Until now, porters at the QEH have doubled up as security guards.

The Norfolk and Norwich University Hospital has always had uniformed guards, who patrol the hospital and car parks wearing stab vests.

And the James Paget University Hospital, at Gorleston, also has 'in-house security' in public-facing areas.

A report to the board of NHS Norfolk, which met this week, says there was an increase in what the health service describes as 'serious incidents' at the QEH from 10 in 2009/10 to 15 in 2010/11.

The classification includes sudden deaths, serious harm to a patient or staff member, and allegations of abuse.

One of last year's incidents concerns an allegation of child abuse against a staff member.

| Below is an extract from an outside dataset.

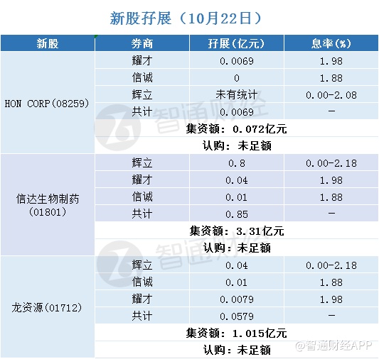 智通财经APP获悉,HON CORP(08259)、信达生物制药(01801)、龙资源(01712)正在招股中。截至10月22日,辉立、信诚、耀才三家券商,为HON CORP(08259)、信达生物制药(01801)、龙资源(01712)分别借出0.072亿、3.31亿、1.015亿孖展金,认购未足额。

The hospital is also tightening security regarding foreign patients, after it emerged the NHS has written off millions owed by foreign nationals, who came to Britain for free treatment they were not entitled to.

An 'overseas visitor team' has been formed to establish whether patients are from outside the UK and whether they should be paying for their treatment.

Anyone who has lived anywhere outside the UK over the last 12 months will be interviewed by an overseas visitor officer.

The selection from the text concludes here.